Nanna Brynds Hilmarsdottir of Iceland's indie band Of Monsters and Men, 2013
Nanna Brynds Hilmarsdottir of Iceland's indie band Of Monsters and Men, 2013 © Corbis

Björn Ulvaeus laughs when I ask about his early experiences in the music business in the 1960s. “Pre-Abba, even?” Back in those distant days, before the Abba man became a quarter of Sweden’s most successful overseas force since the Vikings, Ulvaeus was in a winsome folk-pop band called the Hootenanny Singers.

They had their first hit in 1963, the sexily titled “Jag Väntar Vid Min Mila” (“I’m Waiting by My Charcoal Kiln”) at the same time as The Beatles’ first hit in Sweden. Ulvaeus remembers watching the Liverpudlians on tour with envy.

“I thought to myself, bloody hell, I have a hit now and it’s in a folk group but I would love to be a pop group,” he says. The seeds of Abba were planted in the shade of Beatlemania. “Deep in our hearts, what we wanted to do was pop music in English,” he says. “That’s how Abba started really.”

Fifty years later, Sweden is a pop powerhouse. In 2011 the nation of 9.5m produced music exports worth more than $150m (according to Swedish industry estimates) – the largest per capita in the world. Now the rest of the Nordic region is catching up.

Indie bands spill out of Reykjavik. Heavy metallers headbang in Finland. Danish singer-songwriter Agnes Obel tops album charts across Europe. Oslo’s answer to “Gangnam Style”, Ylvis’s “The Fox (What Does the Fox Say?)”, is a YouTube hit.

Meanwhile the Swedish machine forges on with Avicii, the DJ conquering the world with his unholy brew of electronic dance music and banjo hoedowns. Fellow Swede Max Martin has his production fingerprints all over Katy Perry’s new album. Norwegian duo Stargate are among the first Rihanna calls when she wants a hit.

Next week the Roundhouse in London celebrates the Nordic invasion with the Ja Ja Ja festival, a two-day event headlined by Danish acts Mew and the Raveonettes. It’s a far cry from the Hootenanny Singers with their sensible knitwear. But is there anything Nordic really going on here? Or is it just cultural mimicry, the copying of music from the UK and US, as though the region were a vast Brooklyn with fjords?

Abba in 1974
Abba in 1974 © Getty Images

The trail begins with Abba. “No one would listen to Swedish music before Abba – we were door-openers definitely,” says Ulvaeus, who formed the band in 1972 with Benny Andersson, Anni-Frid Lyngstad and Agnetha Fältskog, all fellow veterans of Stockholm’s cabaret and pop scene.
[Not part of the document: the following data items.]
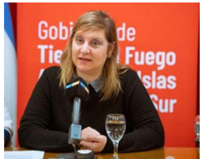
La ministra de Salud Judit Di Giglio expuso el panorama de la salud pública en un contexto de crisis y aseguró que "cada vez son más las personas que no tienen obra social".

ce el sistema de salud, crece para toda la población si toda la población tiene acceso, y eso sucede en nuestra provincia: todos tienen acceso tanto al público como al privado. Siempre el Estado va a estar presente en aquellas prácticas que son menos rentables y esa es una realidad que no va a cambiar. Hay que aprender a complementar y optimizar, y el camino es la integración. Hay una revolución en el conocimiento, hay un cambio en las profesiones, en la formación, cada vez se
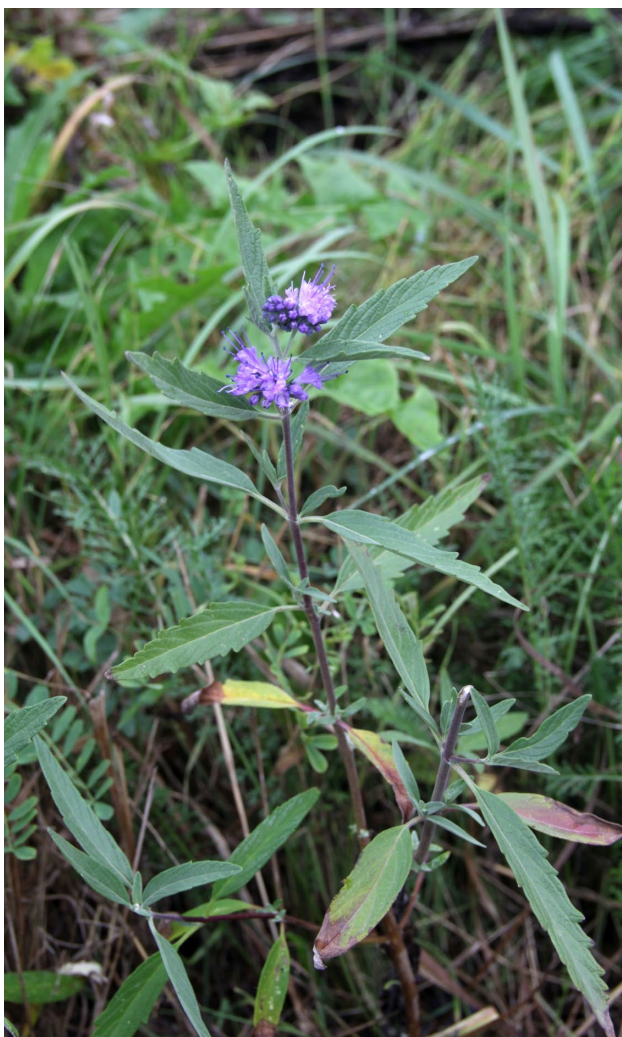
Obr. 4. Zplanělý jedinec ořechokřídlece klandonského ( Caryopteris ×clandonensis) v Rozdrojovicích v okrese Brno-venkov, 5. 10. 2019

Fig. 4. A specimen of Caryopteris ×clandonensis escaped from cultivation in Rozdrojovice, distr. Brno-venkov, 5 October 2019
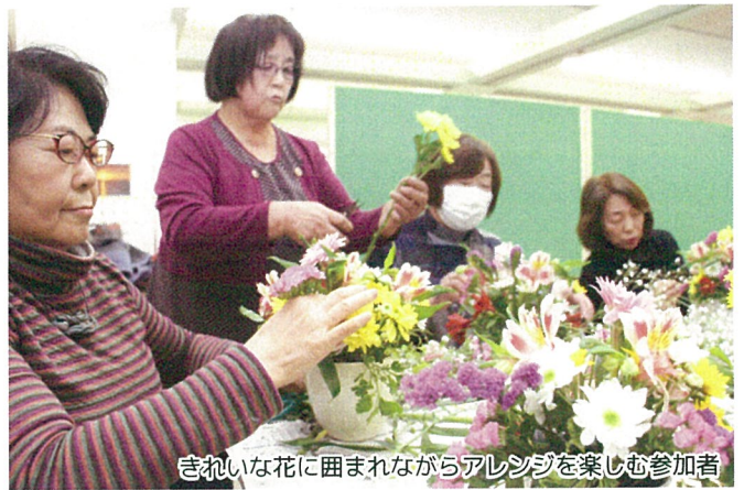
きれいな花に囲まれながらアレンジを楽しむ参加者

講座終了後は今年度の通常総会で議案提出する女性部の組織・活動内容の見直しについて参加者全員に説明がされた。
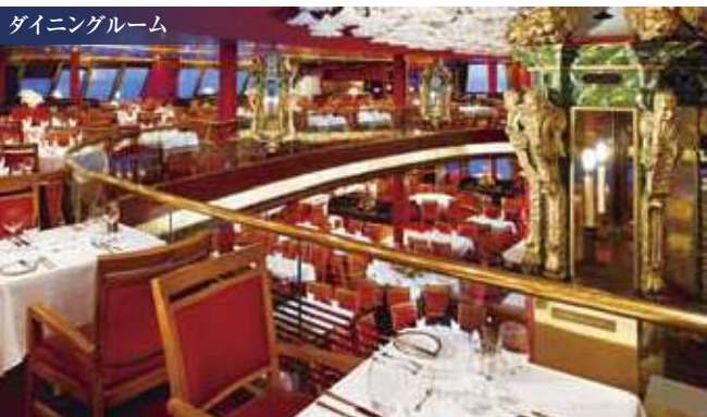
ダイニングルーム

船内には、ゆっくりと寛げるスパをはじめ華やかなショーを楽しめる2層吹き抜けショールームなど、多種多様なアクティビティを体験できます。
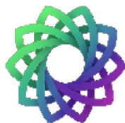
VERSATILE USE VŠESTRANNÉ POUŽITIE
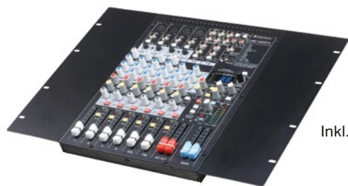
Inkl. Winkel zur Rackmontage
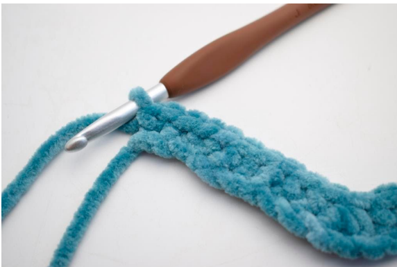
15. Hækl 2 fm i sidste lm.
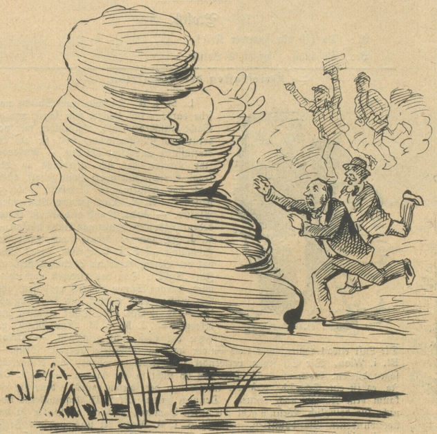
„Für die laufenden Gläubiger ist Nichts erhältlich.“
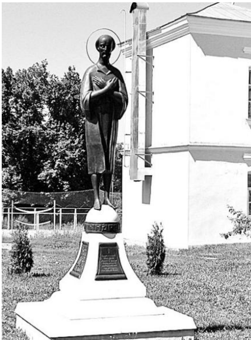
Памятник блаженному во дворе Центра «Воспитание», установленный в 2007 году в день памяти подвижника

Почитание блаженного не ослабевало после его кончины, а наоборот стало распространяться. На могиле часто служили панихиды, брали с нее песок и воду, «с топорика спущенную». По молитвам к юродивому люди получали исцеления, особенно часто это случилось с детьми. В 1840 году Мещовский край был избавлен от голода, а в 1848 году – от эпидемии холеры, что местные жители также связывали с именем блаженного Андрея. Позже глубокое почитание его памяти проявили воспитанники Мещовского духовного училища, которые регулярно посещали его могилу. В возрожденном Мещовском монастыре в наши дни память подвижника чтится 28 июня (по новому стилю – 11 июля).
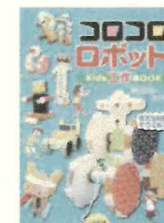
「ココロロボット Kids工作BOOK」 野出 正和//著 古川孝//著 いかだ社
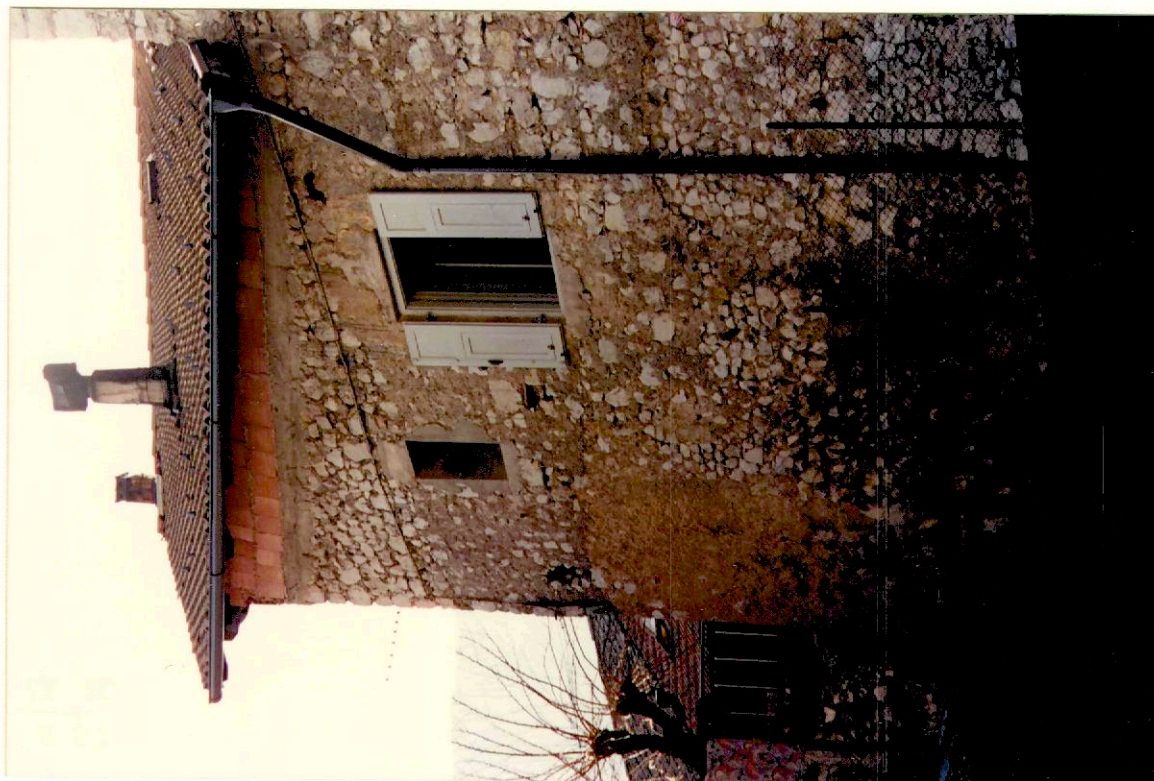
Documentazione fotografica - Immagine 2 (Rif.archivio:negativo___ fotogramma___)
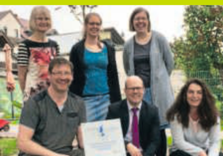
Auszeichnung für Kita
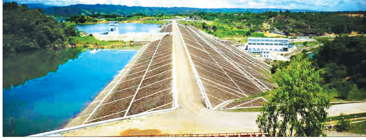
ကြီးအုံ-ကြီးဝ ရေလှောင်တံမံကို တွေ့ရစဉ်
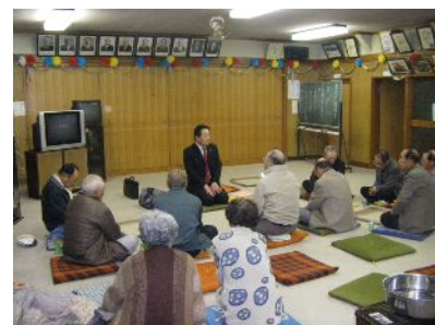
西新井町自治会館(11/29)
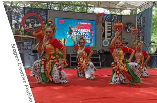
Sragen Creative Festival
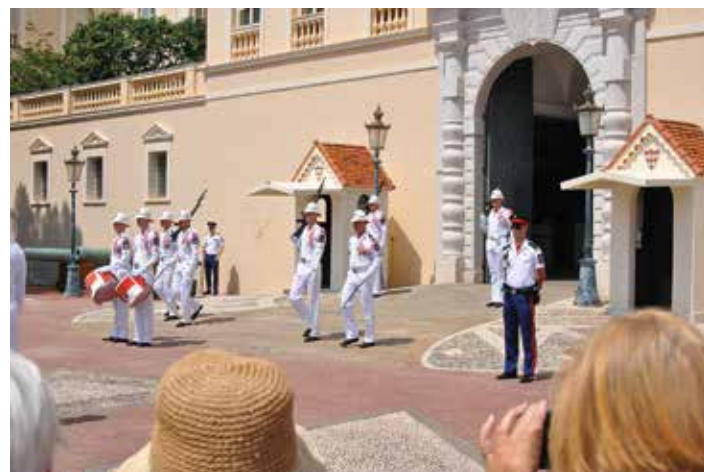
Zmiana warty przed Pałacem Księżęcym Grimaldich

Od września do czerwca „Les Petits Chanteurs de Monaco” i chórzyci Katedralnej Szkoły Chóralnej śpiewają podczas mszy świętej w każdą niedzielę o 10:00. Msza jest również odprawiana każdego roku 6 grudnia, kiedy głównie dzieci gromadzą się na radosnym wspomnieniu życia świętego Mikołaja .
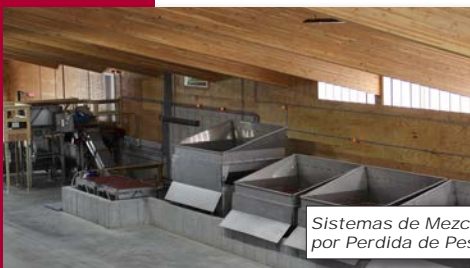
Sistemas de Mezclado por Perdida de Peso
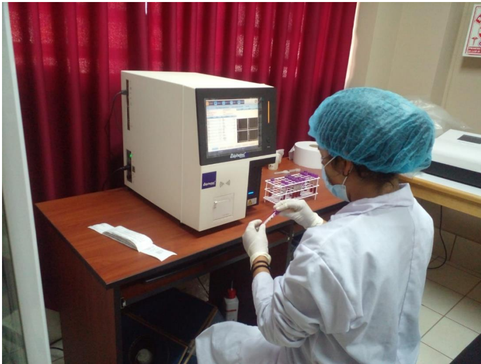
Fig. 7. Homogenizado de la muestra, antes de la lectura
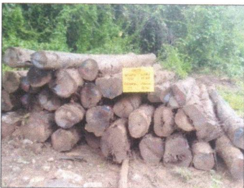
ลำดับที่ 3 สัญลักษณ์กองไม้สักกองที่ 9 ความโต 57-104 ซม. ความยาว 620 ซม. จำนวน 37 ท่อน ปริมาตร 12.30 ลบ.ม.
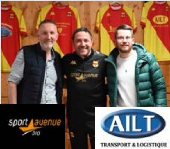
Les équipements EDUCATEURS/BENEVOLES sponsorisés par "AILT" et "SPORT AVENUE"
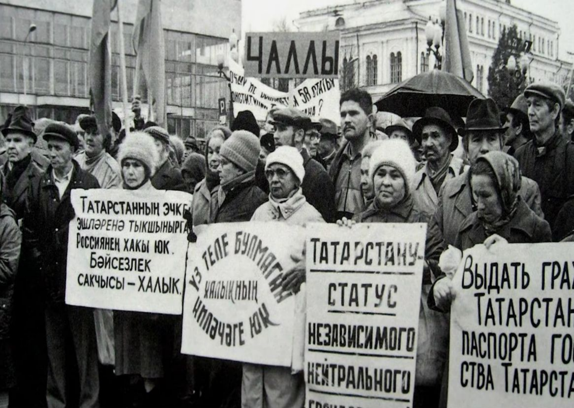
Митинг сторонников независимости Татарстана. Набережные Челны. Фото
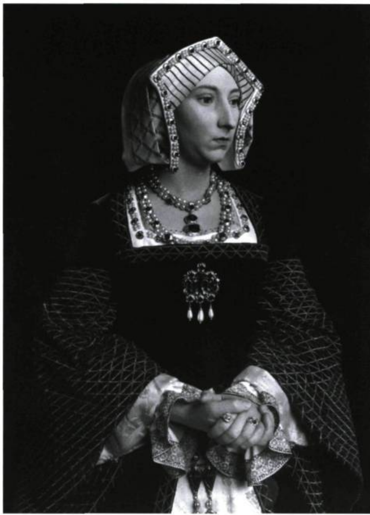
Hiroshi Sugimoto, Jane Seymour , 1999. Épreuves à la gélatine argentique, 149, 2 x 119, 4 cm. Extrait du livre Sugimoto Portraits , Guggenheim Museum Publications, 2000, p. 119.

un refus du mimétisme ou de la tradition, car il permet toujours de penser des notions aussi fondamentales que celles du signe, de la trace, de l'image, de la ressemblance, de la généalogie ; il continue surtout d'interroger le corps, l'absence, la mort et le passage du temps. Cela nous conduit à repenser le visage et son rôle car, comme le souligne Didi-Huberman, « Les visages ne nous reviennent et ne nous hantent que parce qu'ils nous laissent suspendus entre leur ressemblance, c'est-à-dire leur vocation, leur puissance de dissembler dans le moment même où ils se présentent à nous. » 18

From the beginning, the foursome targeted an international audience, a strategy often ascribed to their manager Stig Anderson but which Ulvaeus insists was their own choice. Early singles “Ring Ring” and “Waterloo” were initially recorded in Swedish so as to qualify for Sweden’s Eurovision Song Contest entry. “But,” Ulvaeus says, “the plan was always to sing in English afterwards.”

Co-writer with Andersson of almost all Abba’s songs, he reckons the band had a distinctively Swedish sound. “Swedish radio would play Italian ballads and French chansons and German schlager – a big huge mix. What comes out in Abba is a mix of all of that, which makes it exotic perhaps, and not what would have come out of a pen from England or America.”

Abba’s greatest hits compilation Gold is the UK’s second best-selling album of all time, behind Queen’s Greatest Hits and ahead of Sgt Pepper’s Lonely Hearts Club Band. But their 350m record sales were built on Swedish talent: most Abba songs were recorded in their homeland using local labour and resources, a vital source of experience for the country’s later pop boom.

The contrast with A-ha is telling. The Norwegian heartthrobs took over in the mid-1980s where Abba left off. But to do so they moved to London, where they worked with British producers and were signed to Warner Bros. Similarly, Iceland’s emergence on the pop scene with the Björk-fronted Sugarcubes came after the band signed to British and US labels in 1987.

Sweden stands apart from its Nordic neighbours in having the most sophisticated pop music infrastructure, a tradition that continues in the digital age: the song-streaming service Spotify was dreamt up in Stockholm. The country’s music revenues were up 12 per cent in the first half of 2013. Yet the domestic market remains small compared with more populous countries. Bands have an incentive to look abroad for audiences.

NoNoNo in New York, 2013
NoNoNo in New York, 2013 © Getty Images

“Of course we were hoping for international success but were thinking, Sweden – it would be great if it would work out. We were never expecting for things to happen in the US and the UK,” says Stina Wäppling, singer with one of the country’s latest musical exports, NoNoNo. I catch up with her when she and her band mates arrive in New York to promote their electro-pop anthem “Pumpin Blood”.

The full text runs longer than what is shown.